Mussel Pilau


serves 4 - 6
1.25 kg mussels
450 ml water
1 small onion, chopped
2 tbsp olive oil
250 g basmati or long grain rice, soaked for 30 minutes
6 tbsp olive oil
1 medium onion, finely sliced
2 - 3 cloves garlic, crushed
1 fresh green chilli, or 1 dried red one, de-seeded and chopped
300 ml mussel stock, strained
2 pinches saffron, soaked in three large spoons hot mussel liquid for 10 minutes
salt and freshly ground black pepper
sprig fresh dill, to garnish


1. Scrape the mussels, removing any barnacles and the beards.

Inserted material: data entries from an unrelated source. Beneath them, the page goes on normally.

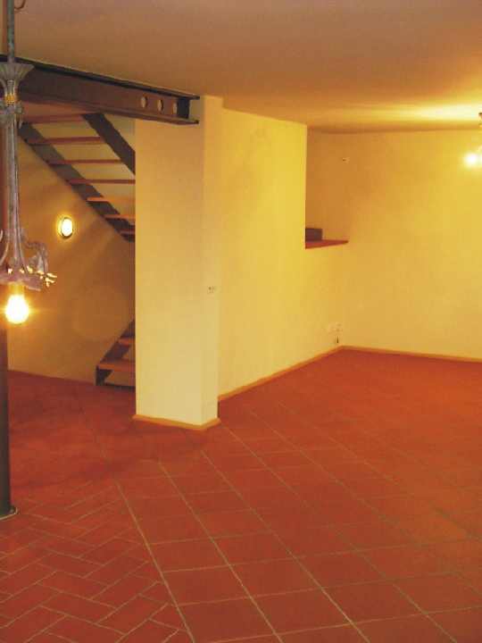 Das Podest mit Blick nach Norden, sowie ins Wohnzimmer durch die große Öffnung seitlich am Podest. |
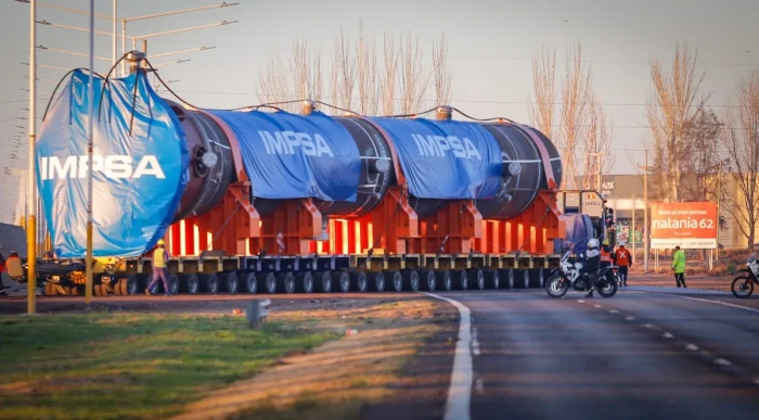 Tras varios días detenido, este jueves desde las 7 de la mañana se retoma el operativo para trasladar el reactor de 456 toneladas de IMPSA hacia la refinería de YPF en Luján de Cuyo.
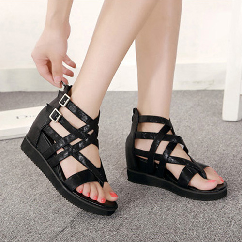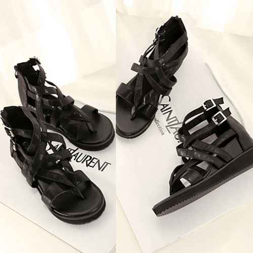 Let this sandals accompany you summer. Featuring crisscross strap with hollow out design and double buckle strap closure. Open toe style,perfect for match with your colorful nail polish.
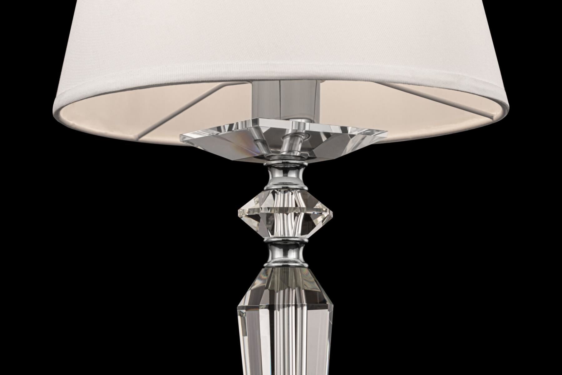 Светильники серии обладают легким, современным обликом, сочетающим в себе элегантность классики и линейность конструктивизма. Арматура изготовлена из металла с гальваническим покрытием цвета никель. Массивные трапециевидные элементы из прозрачного стекла украшают основание и рожки. Абажуры из белого льна, нанесенного на ПВХ, мягко рассеивают свет ламп. Высоту люстр можно регулировать, изменяя длину цепи.
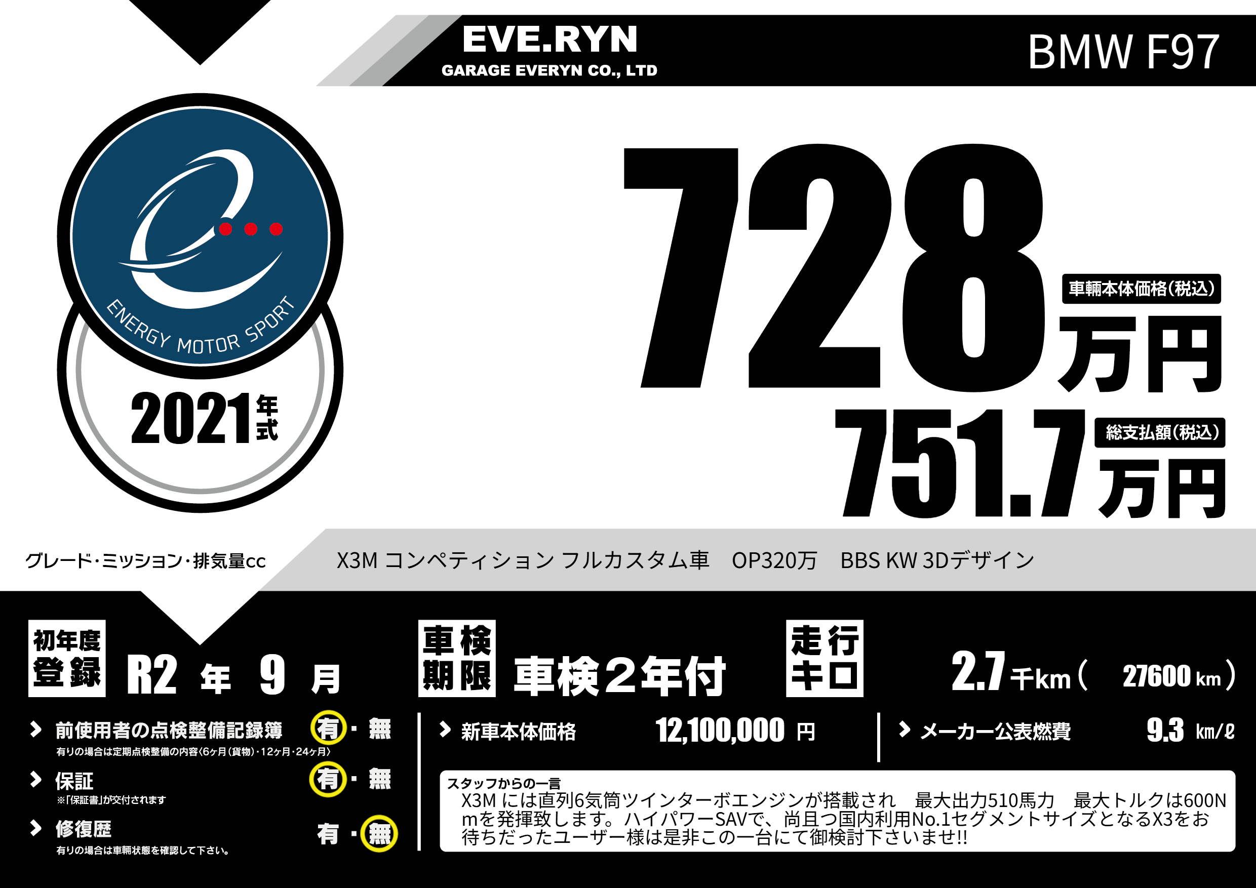 X3M コンペティション フルカスタム車 OP320万 BBS KW 3Dデザイン |
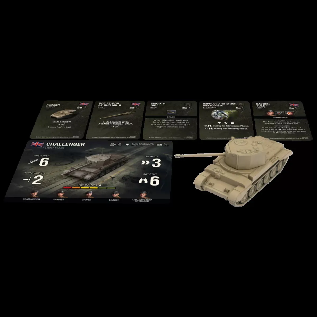 The British Challenger is the perfect tank-destroyer for an aggressive commander, combining 3 Mobility to quickly relocate and find enemy flanks with 6 Firepower to dish out huge damage, whilst having great staying power with good Survivability and Hit Points. Mounting the Avenger Turret paired with the OQF 32-PDR AT Gun Mk. II turn the Challenger into a glass canon, trading some of its Survivability for even more Firepower for when you really need to blow some tanks up.
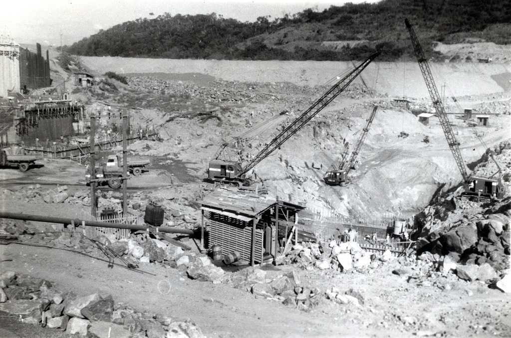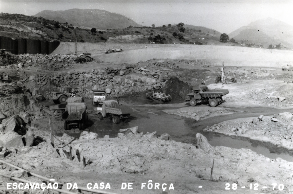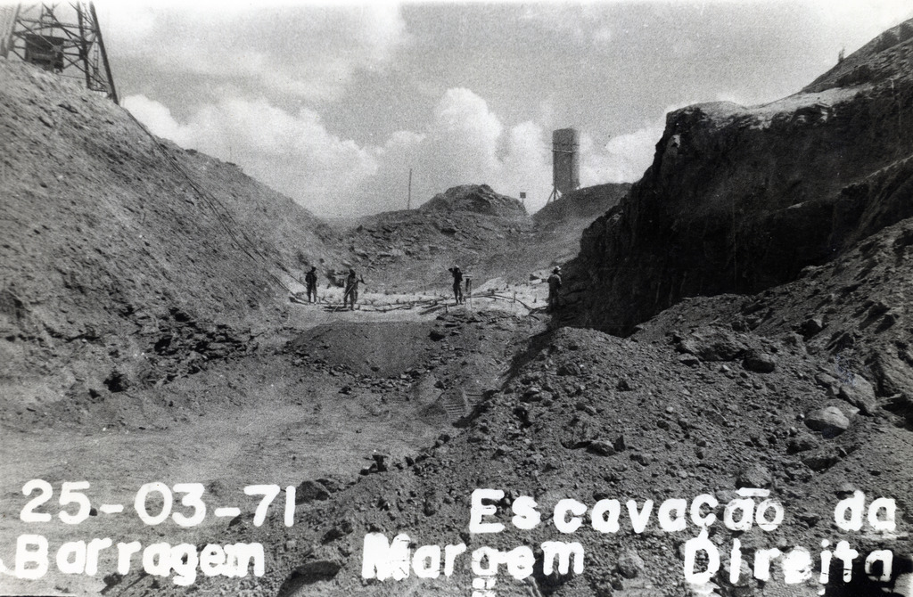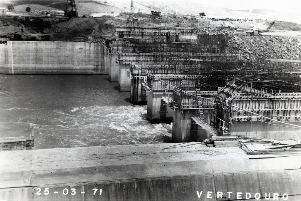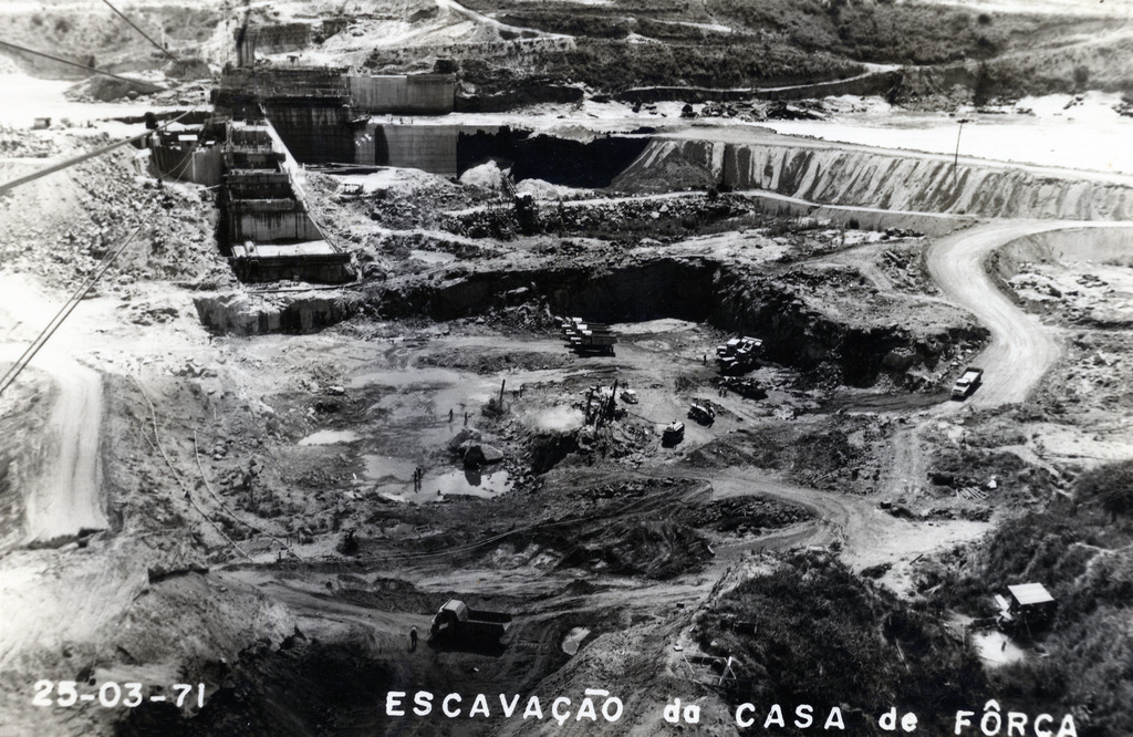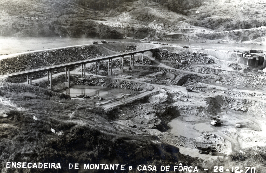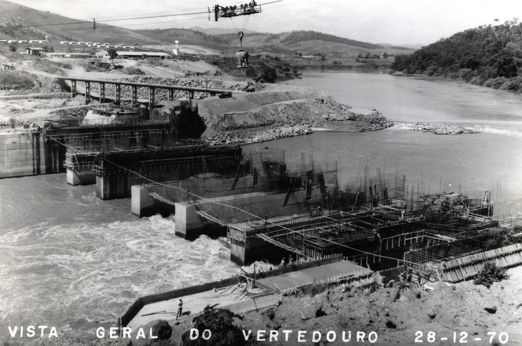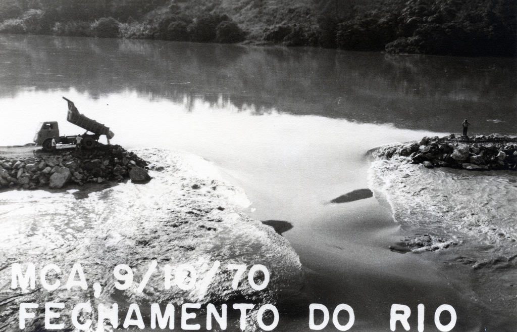 Fotografias referentes a construção da Usina Hidrelétrica Mascarenhas, com imagens das obras no vertedouro, barragem, ensecadeira e casa de força.
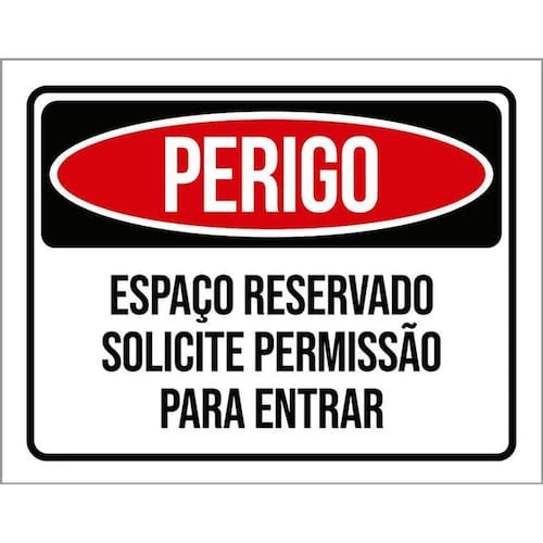 Kit 3 Placas Perigo Espaço Reservado Solicite Permissão Placas de sinalizaço fabricadas com poliestireno de alto impacto PSAI de 2mm e impressão ultravioleta.

2. Place them in a sink full of water, let the grit sink and lift them out by hand; repeat this several times until the water appears clear.

3. Bring the 450 ml water, chopped onion and oil to the boil in a large saucepan.

4. Add the mussels, cover and cook briskly for 2-3 minutes until the shells open, shaking the pan occasionally.

5. Take the mussels out with a slotted spoon and let the liquid in the saucepan settle for 5 minutes, in case of grit, before you strain and measure it.

6. In the meantime, discard any unopened mussels, and take the rest out of their shells, apart from a dozen or so for decoration.

7. Drain the rice. Bring to the boil about 900 ml water with a little salt in a pan, add the drained rice and cook briskly for 4 minutes; the rice should still be hard.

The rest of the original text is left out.